DATA EXTRACT section start
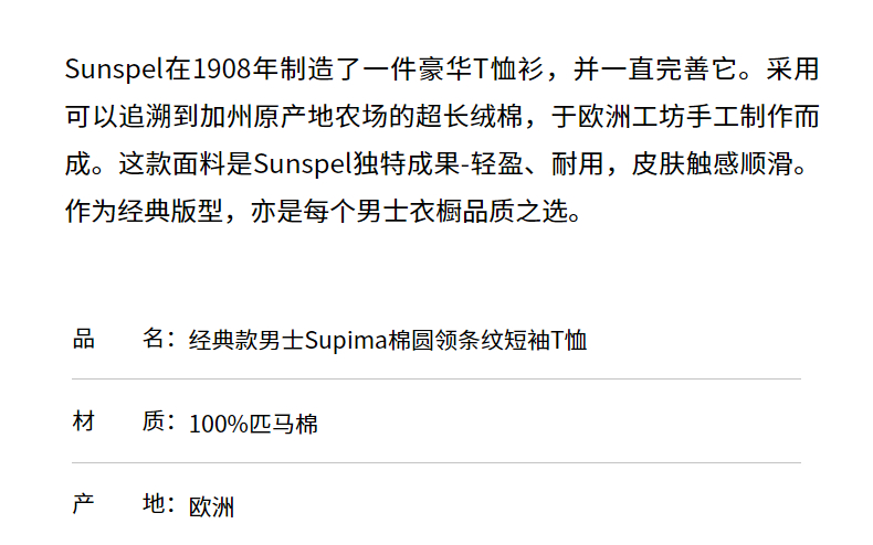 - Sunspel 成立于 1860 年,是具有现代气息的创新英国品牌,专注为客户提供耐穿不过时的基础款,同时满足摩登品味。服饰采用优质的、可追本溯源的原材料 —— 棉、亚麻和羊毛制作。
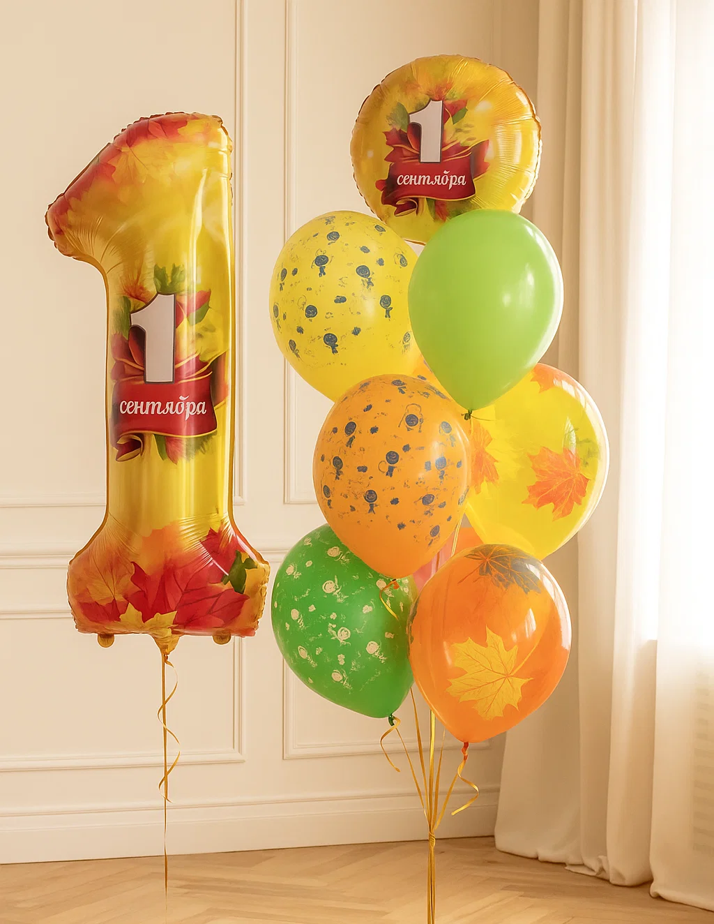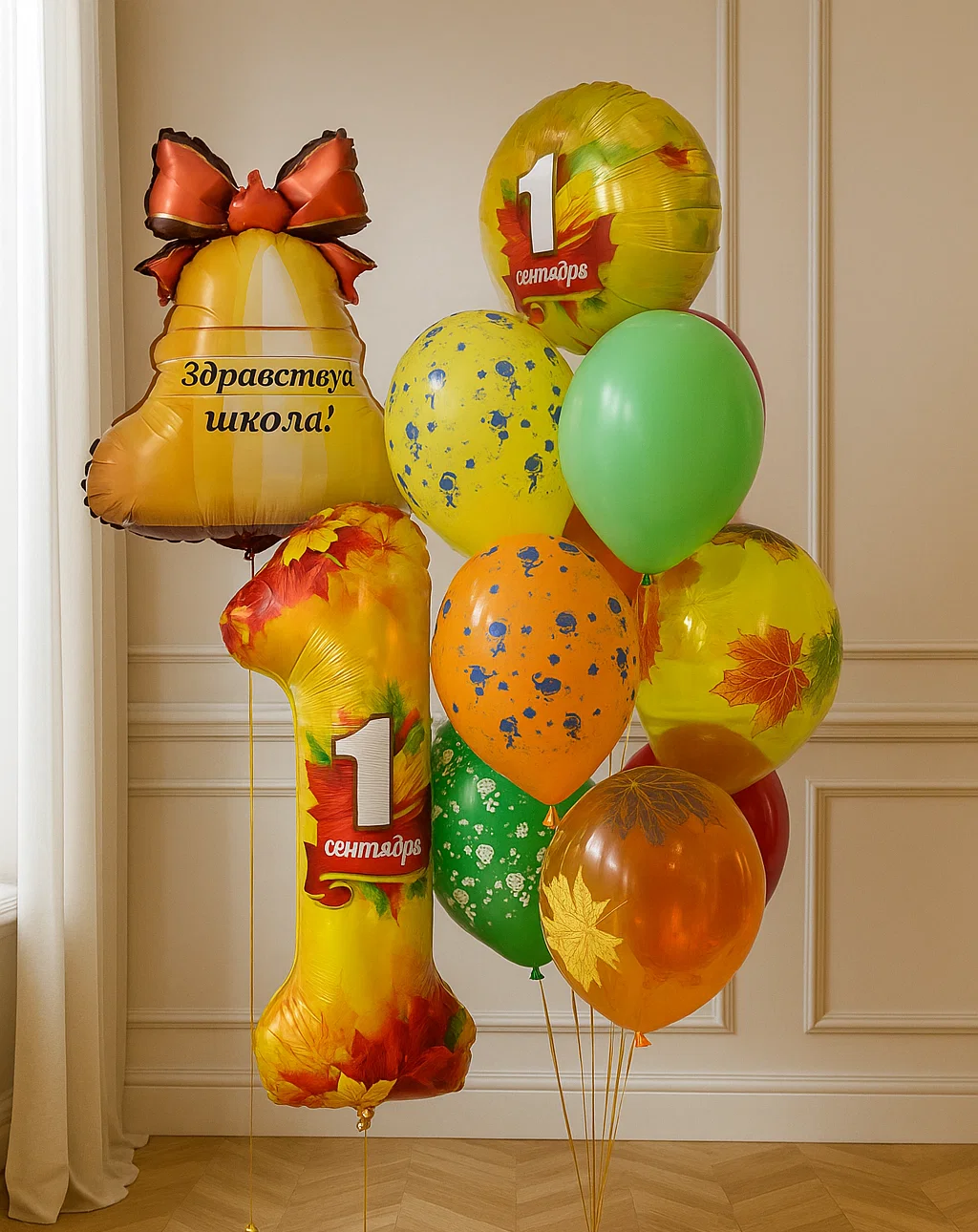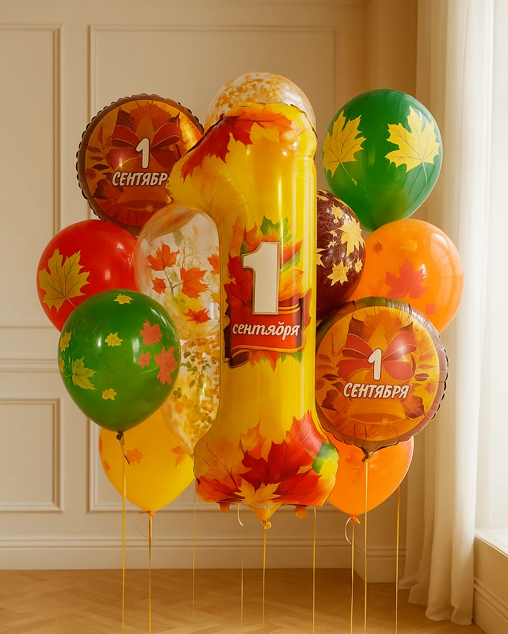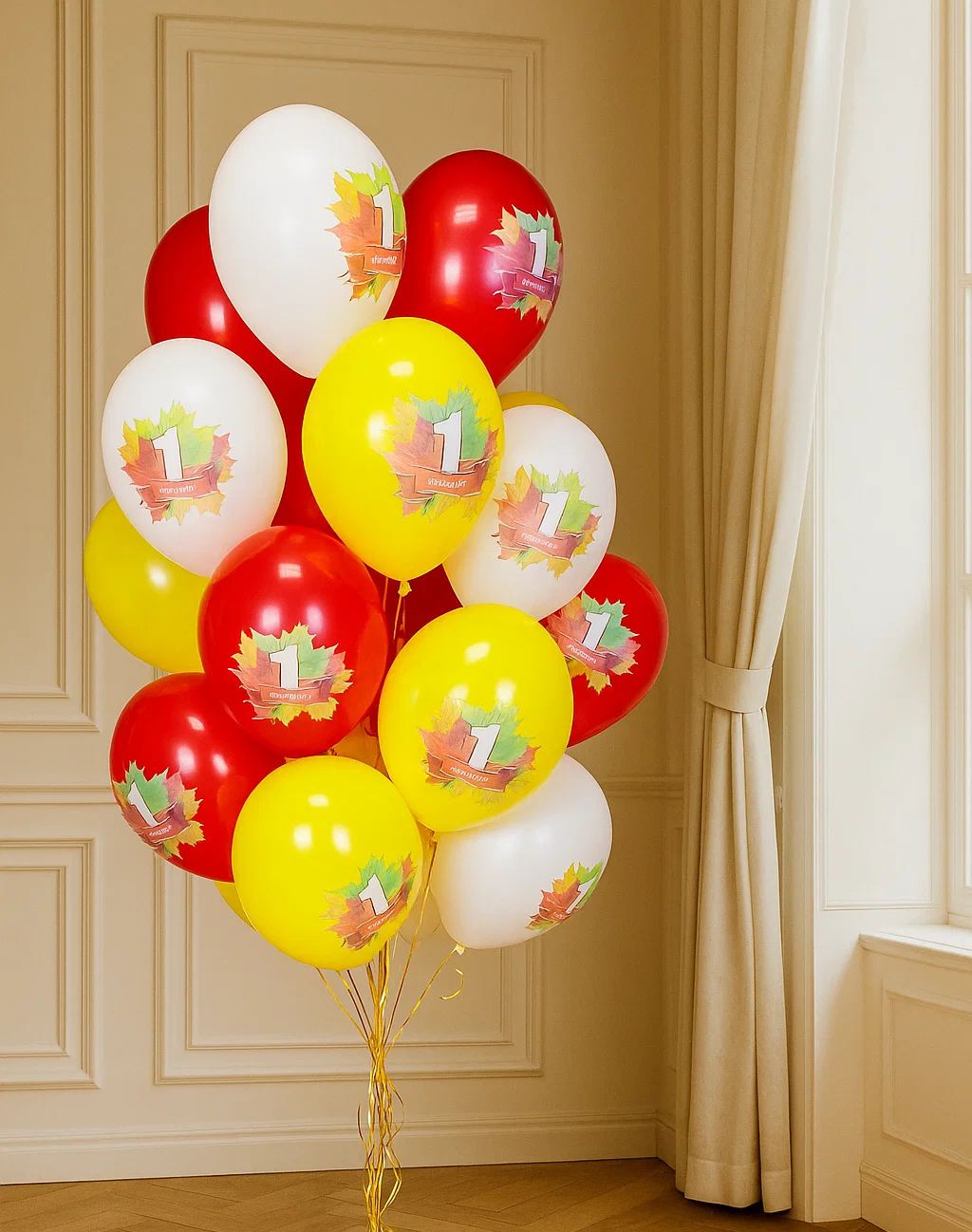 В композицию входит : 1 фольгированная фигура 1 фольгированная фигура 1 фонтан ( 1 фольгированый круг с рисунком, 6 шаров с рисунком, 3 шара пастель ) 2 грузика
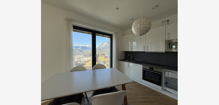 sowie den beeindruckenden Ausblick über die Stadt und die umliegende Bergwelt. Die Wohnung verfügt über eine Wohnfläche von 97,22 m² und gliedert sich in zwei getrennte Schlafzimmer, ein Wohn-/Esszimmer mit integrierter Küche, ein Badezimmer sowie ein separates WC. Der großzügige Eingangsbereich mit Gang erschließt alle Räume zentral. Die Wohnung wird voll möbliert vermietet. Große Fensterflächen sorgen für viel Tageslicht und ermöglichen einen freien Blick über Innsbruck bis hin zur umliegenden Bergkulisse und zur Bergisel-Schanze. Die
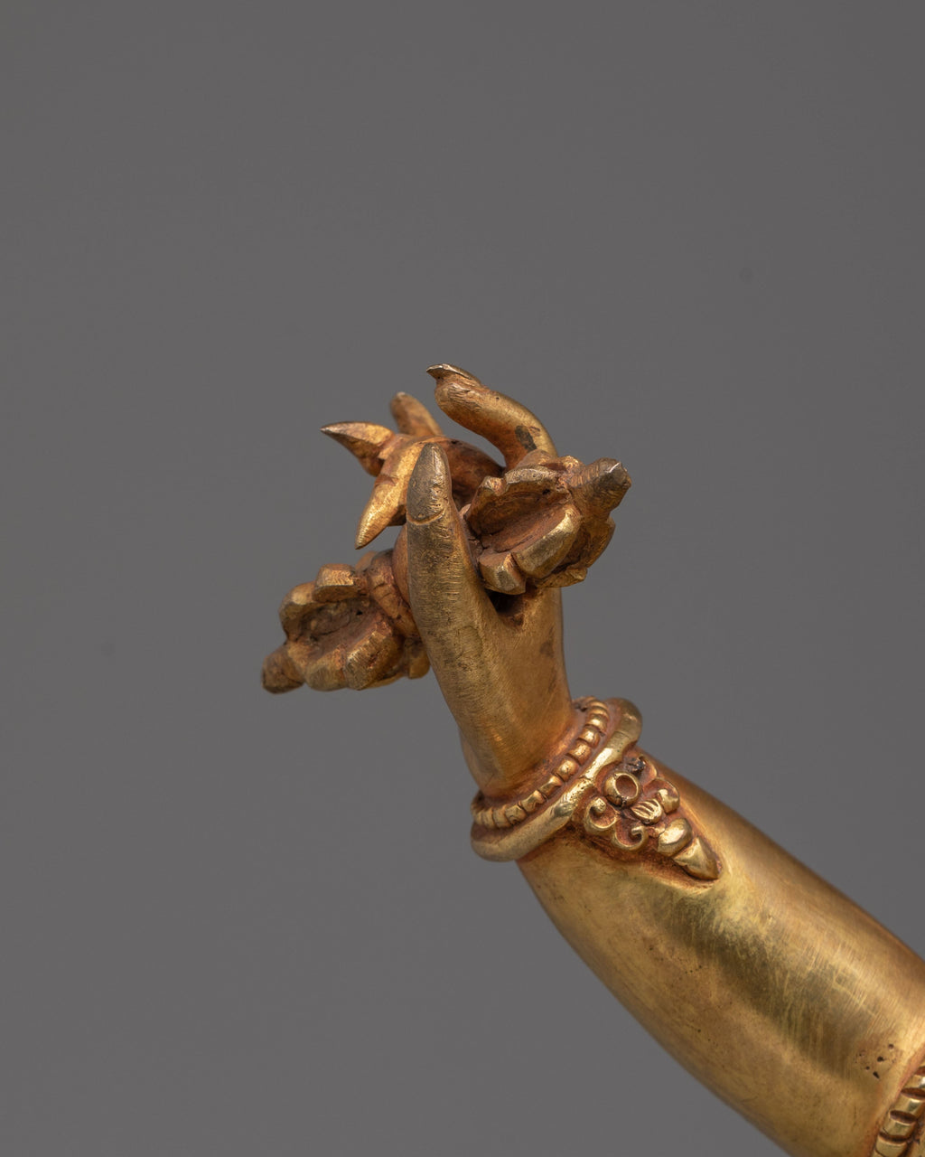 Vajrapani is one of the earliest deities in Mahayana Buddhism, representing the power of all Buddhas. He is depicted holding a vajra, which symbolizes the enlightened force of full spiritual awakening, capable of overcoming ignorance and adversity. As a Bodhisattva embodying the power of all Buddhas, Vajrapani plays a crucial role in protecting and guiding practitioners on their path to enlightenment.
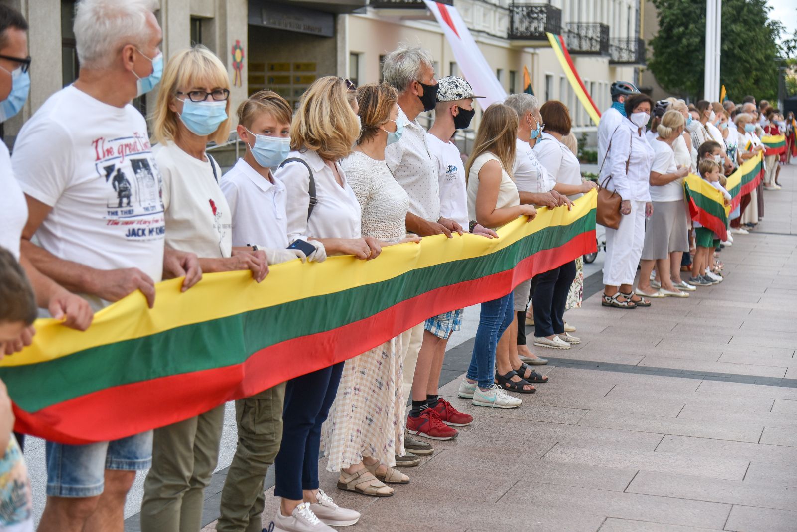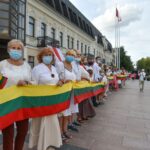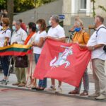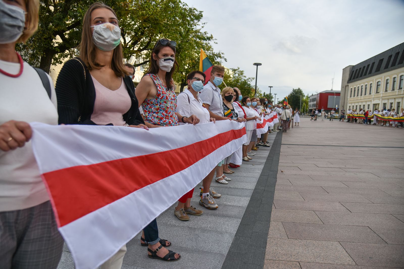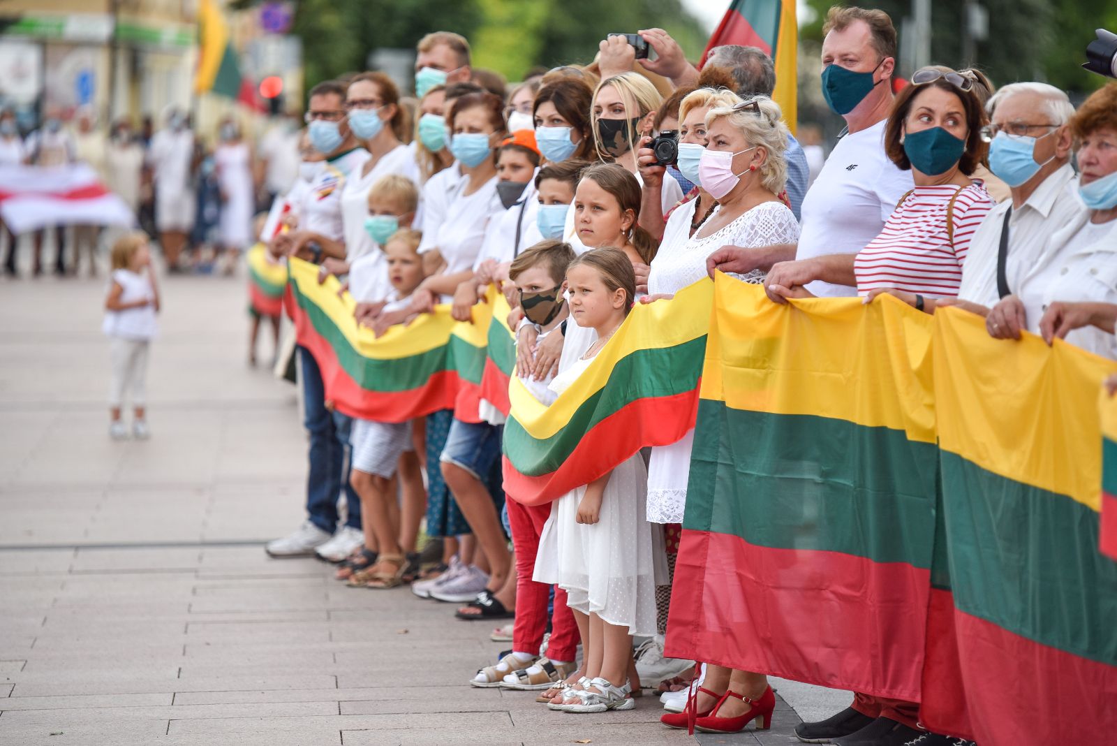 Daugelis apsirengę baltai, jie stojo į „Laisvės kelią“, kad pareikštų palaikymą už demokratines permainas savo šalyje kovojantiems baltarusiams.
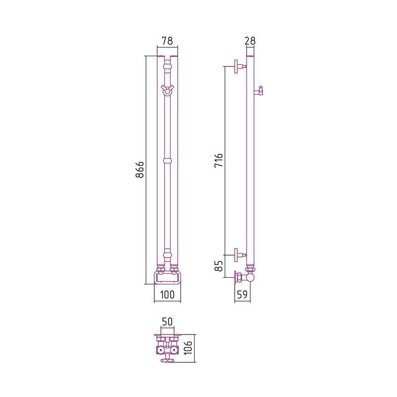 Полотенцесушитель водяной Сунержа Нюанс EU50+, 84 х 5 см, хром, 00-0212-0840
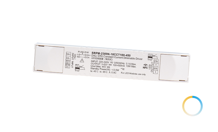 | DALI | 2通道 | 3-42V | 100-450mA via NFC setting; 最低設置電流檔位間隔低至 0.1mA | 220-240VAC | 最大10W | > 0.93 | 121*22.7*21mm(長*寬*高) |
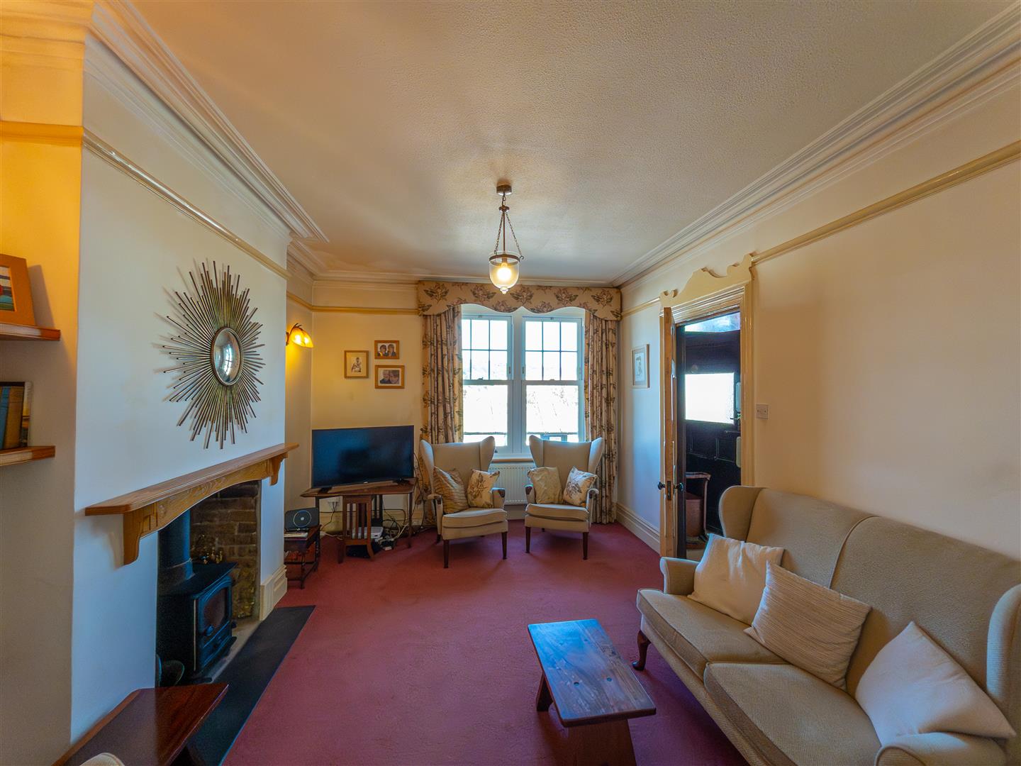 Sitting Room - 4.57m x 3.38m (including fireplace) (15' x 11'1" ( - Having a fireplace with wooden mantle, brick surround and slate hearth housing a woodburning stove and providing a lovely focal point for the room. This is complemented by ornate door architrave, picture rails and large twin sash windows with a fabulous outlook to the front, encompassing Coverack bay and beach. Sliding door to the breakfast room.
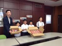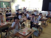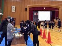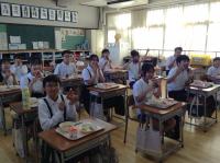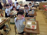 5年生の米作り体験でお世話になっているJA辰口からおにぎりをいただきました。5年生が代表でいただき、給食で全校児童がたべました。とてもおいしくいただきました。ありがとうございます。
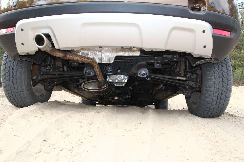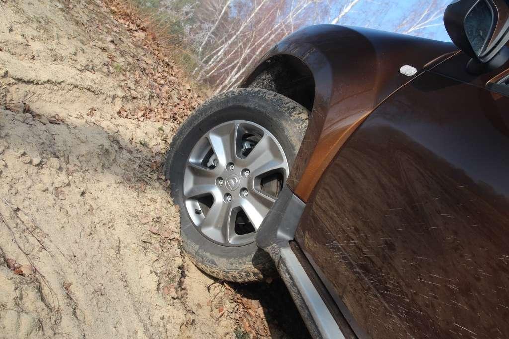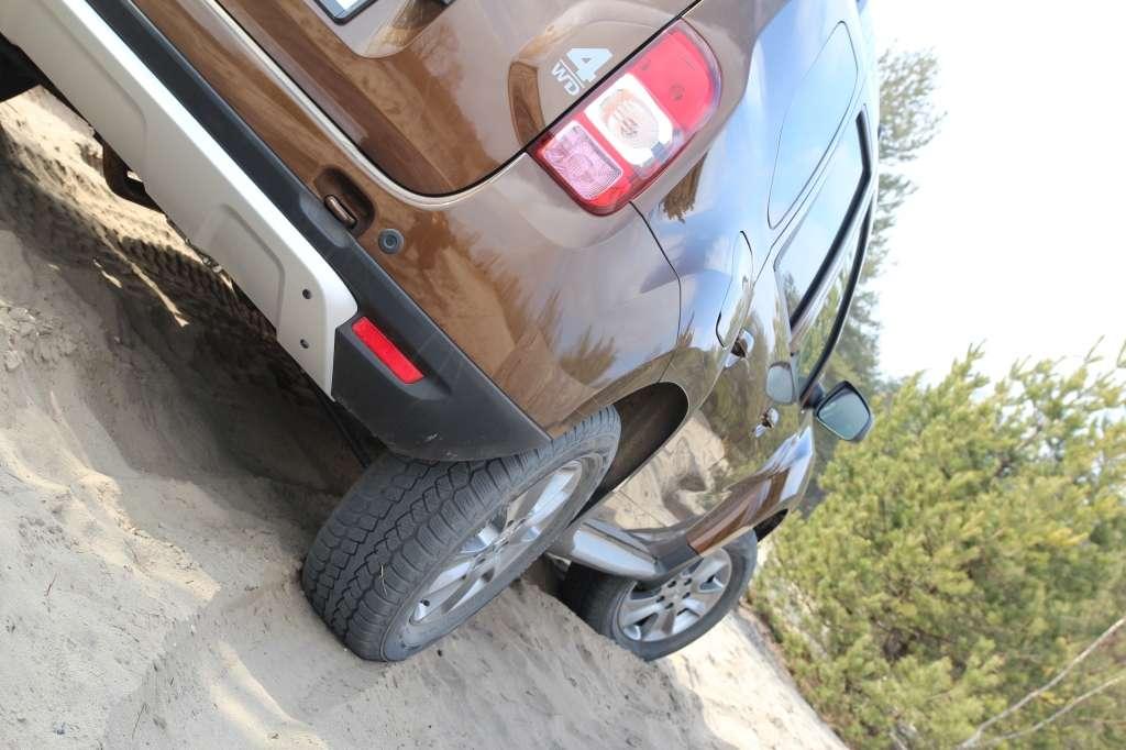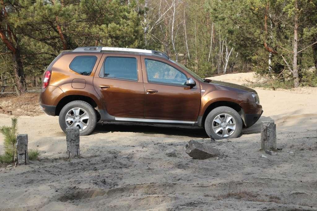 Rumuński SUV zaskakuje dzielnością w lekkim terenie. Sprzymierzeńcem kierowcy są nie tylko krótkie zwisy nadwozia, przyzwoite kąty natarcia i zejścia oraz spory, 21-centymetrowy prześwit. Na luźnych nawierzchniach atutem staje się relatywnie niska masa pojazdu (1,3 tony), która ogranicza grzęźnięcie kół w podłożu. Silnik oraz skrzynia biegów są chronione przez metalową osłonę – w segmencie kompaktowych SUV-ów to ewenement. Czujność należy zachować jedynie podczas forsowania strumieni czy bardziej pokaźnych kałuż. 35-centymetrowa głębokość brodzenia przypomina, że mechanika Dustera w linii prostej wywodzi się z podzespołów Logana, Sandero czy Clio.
DATA EXTRACT section end
Starting at the first line of the material above and ending with the line that contains "sowie den beeindruckenden", reproduce every line exactly, and leave out the pictures.

 - Sunspel 成立于 1860 年,是具有现代气息的创新英国品牌,专注为客户提供耐穿不过时的基础款,同时满足摩登品味。服饰采用优质的、可追本溯源的原材料 —— 棉、亚麻和羊毛制作。
 В композицию входит : 1 фольгированная фигура 1 фольгированная фигура 1 фонтан ( 1 фольгированый круг с рисунком, 6 шаров с рисунком, 3 шара пастель ) 2 грузика
 sowie den beeindruckenden Ausblick über die Stadt und die umliegende Bergwelt. Die Wohnung verfügt über eine Wohnfläche von 97,22 m² und gliedert sich in zwei getrennte Schlafzimmer, ein Wohn-/Esszimmer mit integrierter Küche, ein Badezimmer sowie ein separates WC. Der großzügige Eingangsbereich mit Gang erschließt alle Räume zentral. Die Wohnung wird voll möbliert vermietet. Große Fensterflächen sorgen für viel Tageslicht und ermöglichen einen freien Blick über Innsbruck bis hin zur umliegenden Bergkulisse und zur Bergisel-Schanze. Die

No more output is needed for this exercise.